**Instructions for the task**
Transcribe the entries below word for word, beginning at the line with "Haz clic en" and stopping after the line with "The Georgian Era"; drop all pictures.
=== Data for this task ===
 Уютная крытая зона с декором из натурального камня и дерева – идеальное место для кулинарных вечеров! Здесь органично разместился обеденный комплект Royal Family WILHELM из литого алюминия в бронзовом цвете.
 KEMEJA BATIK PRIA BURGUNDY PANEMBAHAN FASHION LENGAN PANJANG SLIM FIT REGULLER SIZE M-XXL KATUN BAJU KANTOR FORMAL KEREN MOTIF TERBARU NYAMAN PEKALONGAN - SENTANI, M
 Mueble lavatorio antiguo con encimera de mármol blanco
===
=== Data for this task ===
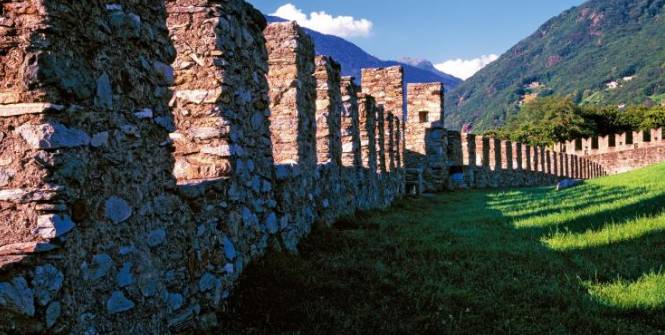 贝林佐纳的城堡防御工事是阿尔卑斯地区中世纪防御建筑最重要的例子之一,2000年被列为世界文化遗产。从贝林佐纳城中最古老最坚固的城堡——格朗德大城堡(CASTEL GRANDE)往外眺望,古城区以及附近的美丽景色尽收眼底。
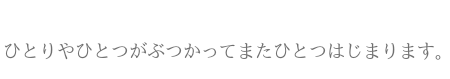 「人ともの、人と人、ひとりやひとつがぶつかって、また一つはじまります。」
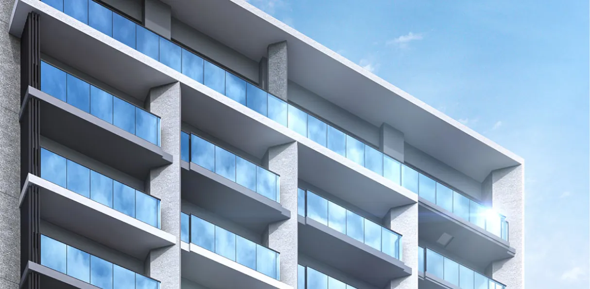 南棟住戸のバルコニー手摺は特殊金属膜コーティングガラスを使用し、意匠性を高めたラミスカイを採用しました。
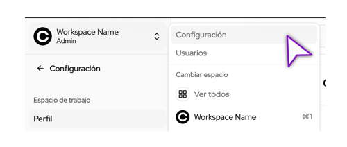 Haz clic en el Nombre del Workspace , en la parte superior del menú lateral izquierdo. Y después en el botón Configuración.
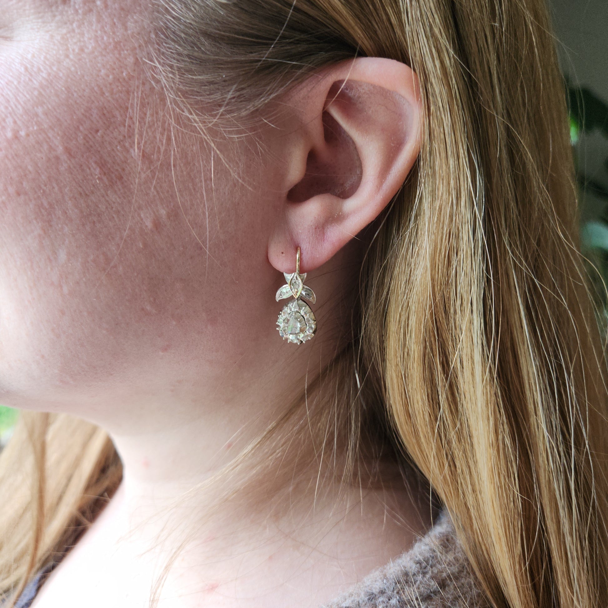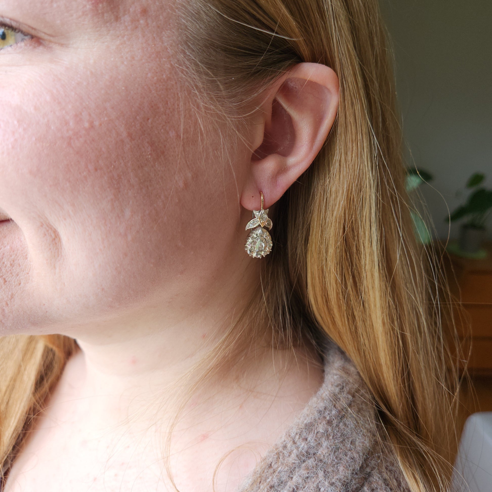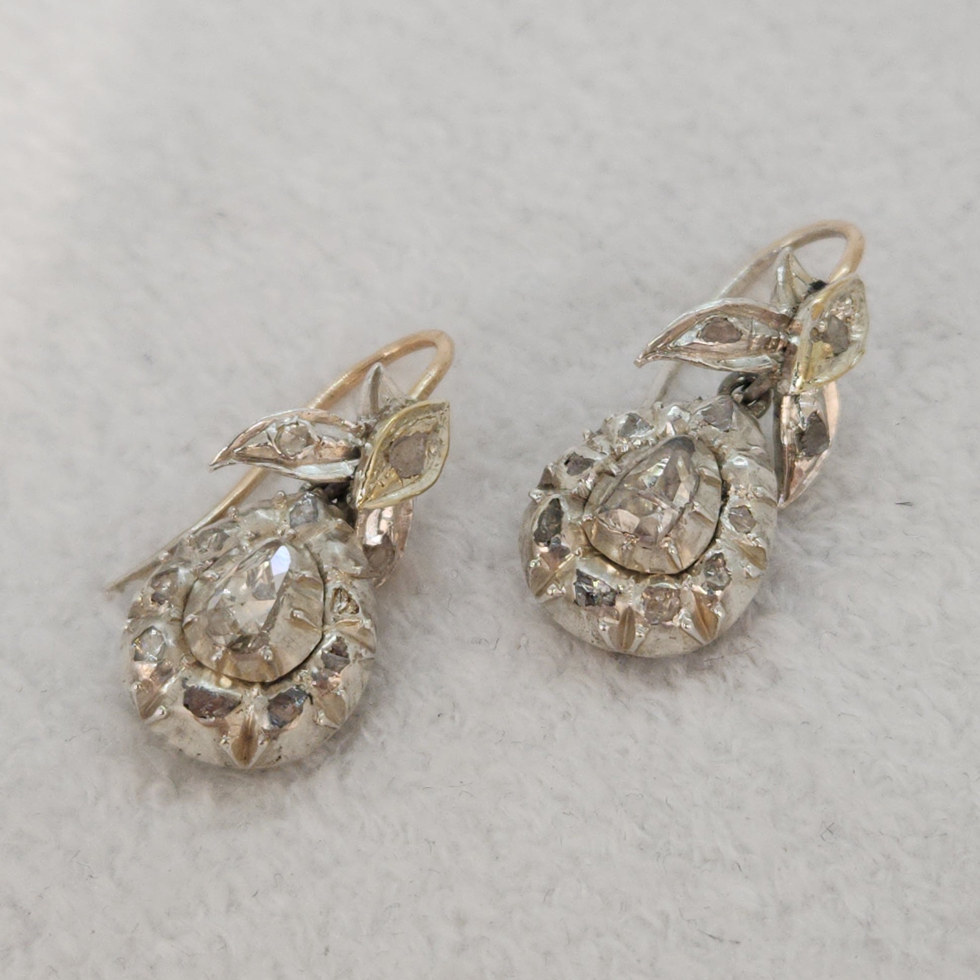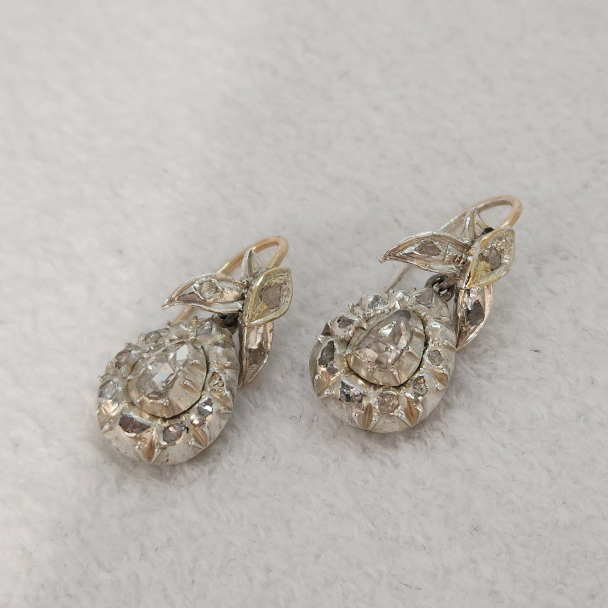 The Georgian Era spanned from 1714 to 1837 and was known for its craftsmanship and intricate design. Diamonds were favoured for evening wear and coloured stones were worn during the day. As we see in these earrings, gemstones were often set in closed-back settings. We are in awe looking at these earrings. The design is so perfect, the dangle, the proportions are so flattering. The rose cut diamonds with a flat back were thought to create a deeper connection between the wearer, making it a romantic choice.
===
**Output for this task**
 Haz clic en el Nombre del Workspace , en la parte superior del menú lateral izquierdo. Y después en el botón Configuración.
 The Georgian Era spanned from 1714 to 1837 and was known for its craftsmanship and intricate design. Diamonds were favoured for evening wear and coloured stones were worn during the day. As we see in these earrings, gemstones were often set in closed-back settings. We are in awe looking at these earrings. The design is so perfect, the dangle, the proportions are so flattering. The rose cut diamonds with a flat back were thought to create a deeper connection between the wearer, making it a romantic choice.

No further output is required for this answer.